Component 1 is a systematic signal that depends on two input parameters ($t$ and $\theta$ following Aigrain) and component 2 is a quasiperiodic oscillation that is the target of our analysis.
In [3]:
import numpy as np
import matplotlib.pyplot as plt
from george import kernels
np.random.seed(42)
N = 256
t = np.sort(np.random.uniform(0, 10, N))
theta = np.random.uniform(-np.pi, np.pi, N)
X = np.vstack((t, theta)).T
yerr = np.random.uniform(0.05, 0.25, N)
kernel1 = 2.0 * kernels.Matern32Kernel([5.0, 0.5], ndim=2)
kernel2 = 2.0 * kernels.ExpSine2Kernel(gamma=10.0, log_period=np.log(5.), ndim=2, axes=0)
kernel2 *= kernels.ExpSquaredKernel([15.0], ndim=2, axes=0)
kernel = kernel1 + kernel2
gp = george.GP(kernel)
y = gp.sample(X)
y += yerr * np.random.randn(N)
gp.compute(X, yerr)
plt.errorbar(t, y, yerr=yerr, fmt=".k", capsize=0)
plt.ylim(-6.5, 6.5)
plt.xlim(0, 10)
plt.xlabel("t")
plt.ylabel("y");
The physical (oscillatory) component is not obvious in this dataset because it is swamped by the systematics. Now, we'll find the maximum likelihood hyperparameters by numerically minimizing the negative log-likelihood function.
In [4]:
from scipy.optimize import minimize
def nll(params):
gp.set_parameter_vector(params)
l = gp.log_likelihood(y, quiet=True)
g = gp.grad_log_likelihood(y, quiet=True)
return -l, -g
params = gp.get_parameter_vector()
params += 0.05*np.random.randn(len(params))
soln = minimize(nll, params, jac=True)
gp.set_parameter_vector(soln.x)
print(soln.success, soln.x)
Now let's use the trick from above to compute the prediction of component 1 and remove it to see the periodic signal.
In [5]:
# Compute the predictive means - note the "kernel" argument
mu1 = gp.predict(y, X, return_cov=False, kernel=kernel1)
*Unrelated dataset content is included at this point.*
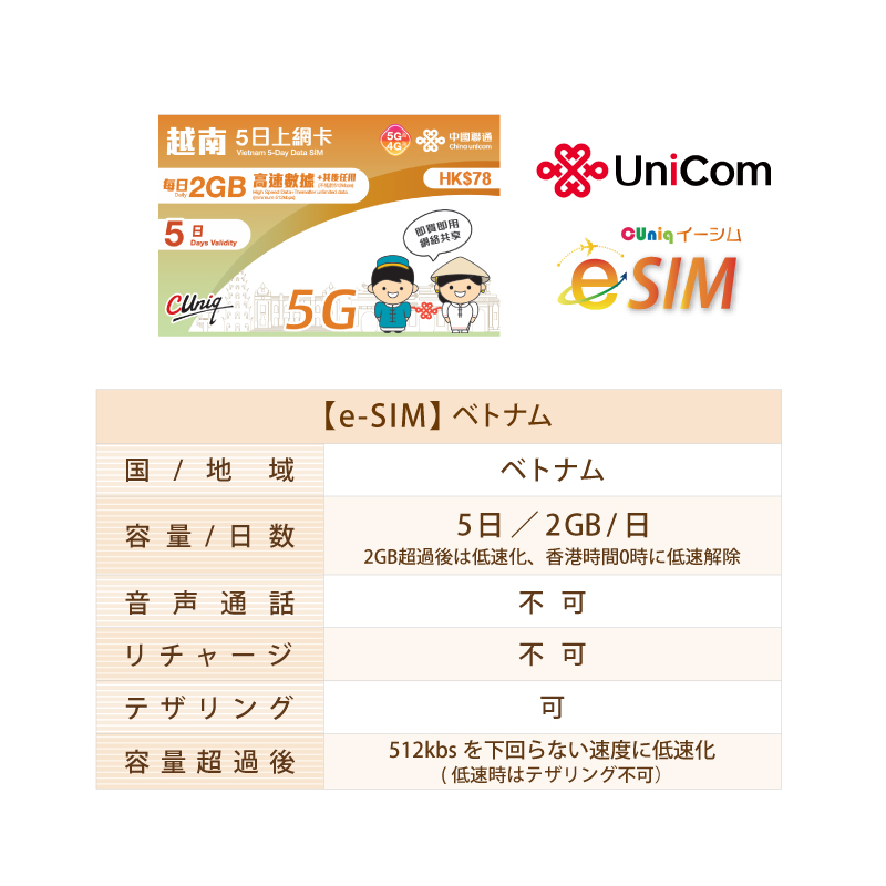 【ベトナム】2GB/日 5日 データ専用 プリペイドeSIM

mu2 = gp.predict(y, X, return_cov=False, kernel=kernel2)
plt.plot(t, y, ".k", mec="none", alpha=0.3)
plt.plot(t, y - mu1, ".k")
plt.plot(t, mu2)
plt.ylim(-6.5, 6.5)
plt.xlim(0, 10)
plt.xlabel("t")
plt.ylabel("y");
In this plot, the original dataset is plotted in light gray points and the "de-trended" data with component 1 removed is plotted as black points. The prediction of the GP model for component 2 is shown as a blue line.
In [ ]: